Keefe mergulha no tema central de sua obra, que aborda a forma como a farmacêutica Purdue Pharma produziu um medicamento analgésico altamente viciante chamado Oxycontin. Cada detalhe é minuciosamente explorado pelo autor, inclusive a aplicação irregular de documentos para a Food and Drug Administration (FDA), a agência reguladora de medicamentos dos Estados Unidos, para regulamentar a venda do medicamento.
Após sua aprovação, o Oxycontin chegou a ser o medicamento mais vendido dos Estados Unidos, ultrapassando o Viagra.
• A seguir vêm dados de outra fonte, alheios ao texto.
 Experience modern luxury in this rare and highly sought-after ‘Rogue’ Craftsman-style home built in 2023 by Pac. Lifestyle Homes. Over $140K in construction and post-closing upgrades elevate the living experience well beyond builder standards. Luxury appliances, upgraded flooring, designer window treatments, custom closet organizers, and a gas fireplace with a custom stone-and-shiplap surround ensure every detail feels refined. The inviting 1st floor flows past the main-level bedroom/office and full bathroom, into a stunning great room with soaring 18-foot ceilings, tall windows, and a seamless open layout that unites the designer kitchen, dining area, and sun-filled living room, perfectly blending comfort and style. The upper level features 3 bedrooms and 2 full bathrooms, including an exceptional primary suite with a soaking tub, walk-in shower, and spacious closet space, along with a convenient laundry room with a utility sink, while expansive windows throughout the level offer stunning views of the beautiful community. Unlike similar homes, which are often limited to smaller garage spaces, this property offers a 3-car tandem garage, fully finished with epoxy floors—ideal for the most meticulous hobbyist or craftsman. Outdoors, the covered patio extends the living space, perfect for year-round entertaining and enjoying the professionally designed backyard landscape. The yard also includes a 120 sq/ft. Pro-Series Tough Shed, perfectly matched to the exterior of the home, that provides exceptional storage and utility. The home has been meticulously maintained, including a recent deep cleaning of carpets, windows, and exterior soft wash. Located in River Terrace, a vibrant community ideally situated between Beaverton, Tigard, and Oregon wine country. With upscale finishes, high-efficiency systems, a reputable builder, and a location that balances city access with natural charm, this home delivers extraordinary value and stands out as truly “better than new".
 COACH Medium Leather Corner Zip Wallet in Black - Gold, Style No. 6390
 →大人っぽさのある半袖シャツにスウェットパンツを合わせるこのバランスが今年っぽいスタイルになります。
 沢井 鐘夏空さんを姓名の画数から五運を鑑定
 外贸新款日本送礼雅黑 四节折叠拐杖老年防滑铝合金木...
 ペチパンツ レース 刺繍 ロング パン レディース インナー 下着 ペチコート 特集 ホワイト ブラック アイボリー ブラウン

As práticas comerciais adotadas pela Purdue Pharma são altamente controversas e incluem prescrições excessivas e inadequadas do medicamento, bem como a manipulação de documentos e protocolos que amenizavam o impacto do Oxycontin na saúde dos pacientes.
Além disso, a empresa utilizava táticas agressivas de marketing para impulsionar as vendas do medicamento, como propagadas em consultórios médicos, que incluíam imagens de pessoas com a frase “I got my life back” (“recuperei minha vida”), e até incentivos financeiros para médicos que prescreviam o Oxycontin com frequência.
A farmacêutica chegou a pagar outros médicos para convencer colegas sobre os supostos benefícios do Oxycontin, apesar de o medicamento ser mais potente que a morfina e altamente viciante.
Infelizmente, o Oxycontin desempenhou um papel crucial na epidemia de opioides que atingiu vários países, especialmente os Estados Unidos, levando a um número alarmante de mortes por overdose – cerca de 500 mil pessoas nos últimos 20 anos.
Embora a crise tenha sido oficialmente reconhecida nos anos 1990, podemos claramente ver como as práticas comerciais questionáveis da família Sackler foram responsáveis por essa calamidade.
Em 2007, a Purdue Pharma e alguns de seus executivos se declararam culpados de acusações criminais relacionadas à promoção do Oxycontin. Foram multados em US$ 634 milhões e sentenciados a prestar serviços comunitários.
No entanto, a família Sackler não enfrentou acusações criminais graves por suas ações e manteve a posse da empresa. Em 2019, a companhia entrou com pedido de falência após enfrentar milhares de ações judiciais movidas por governos locais e estaduais dos Estados Unidos e vítimas da crise de opioides.
A família Sackler concordou em pagar US$225 milhões em um acordo com a Justiça para resolver as acusações civis relacionadas ao Oxycontin.
Com escrita envolvente e abordagem imparcial, o livro é uma fonte valiosa para qualquer pessoa interessada em compreender as causas e as consequências da epidemia de opioides que afeta tantas pessoas e comunidades em todo os Estados Unidos. De fato, a obra tem se tornado um ponto de referência para estudiosos, profissionais da saúde, pesquisadores e o público em geral que busca compreender melhor essa complexa questão.
No geral, Império da dor é um livro extremamente importante e provocativo, que lança luz sobre a epidemia de opioides, a indústria farmacêutica e a maneira como a riqueza e o poder podem ser usados para proteger indivíduos e empresas de suas responsabilidades.

Jonathan Vicente é biomédico patologista clínico, pós-graduado em ciência política com foco em saúde pública e mestre em saúde coletiva pela Faculdade de Medicina da Universidade de São Paulo (FM-USP). Atualmente, atua como membro e pesquisador da organização não governamental United for Global Mental Health e da Red Latinoamericana de Clima y Salud.